Have not had an opportunity to do anything since yesterday but just checked the display panel and put a volt meter across the terminals of the Leisure Batteries.....Both showing 12.7 Volts. The EHU has been disconnected since 3pm yesterday with o load 

Just about the batteries, they are
NUMAX XV27 MF
1000 MCA
160 min RC
Maintenance free
All double dutch to me. . . . . :? 

So maybe i was incorrect in my assumption that they are 110 AH batteries


----------



## CliveMott (Mar 10, 2008)

A few pointers :-

A typical halogen downlighter has a 10 watt bulb and will consume just under 1 amp (0.85 ish)

The battery selector switch on some systems must be set to the habitation battery for the EHU to charge it.

A 3 hour charge will not get close to fully charging one battery, let alone two. The biggest Sargent charger (from memory) charges at 16 amps. (Sorry, I am sat in a hotel room at Newquay using a notebook) So if one battery is fully discharged it will take a minimum of nearly 7 hours, double for two batteries. But the charge rate reduces as the battery voltage rises so it takes longer.

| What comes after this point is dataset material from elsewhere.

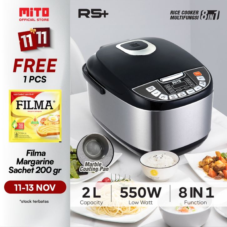 MITO Digital Rice Cooker R5+ Magic Com Penanak Nasi 2L Black Silver Original

The end of charge voltage should be around 14 volts or marginly under. If its on charge and indicating 13.4 volts then you have many more hours of charging to go!. Or its not charging on EHU??

So to prolong battery life.
1 Make sure the charger is working correctly.
2 Only use an inverter for things that will not run directly off 12 volts
3 Change any halgen lighting to LED replacements.
4 Use gas for anything that requires heat.
C.


----------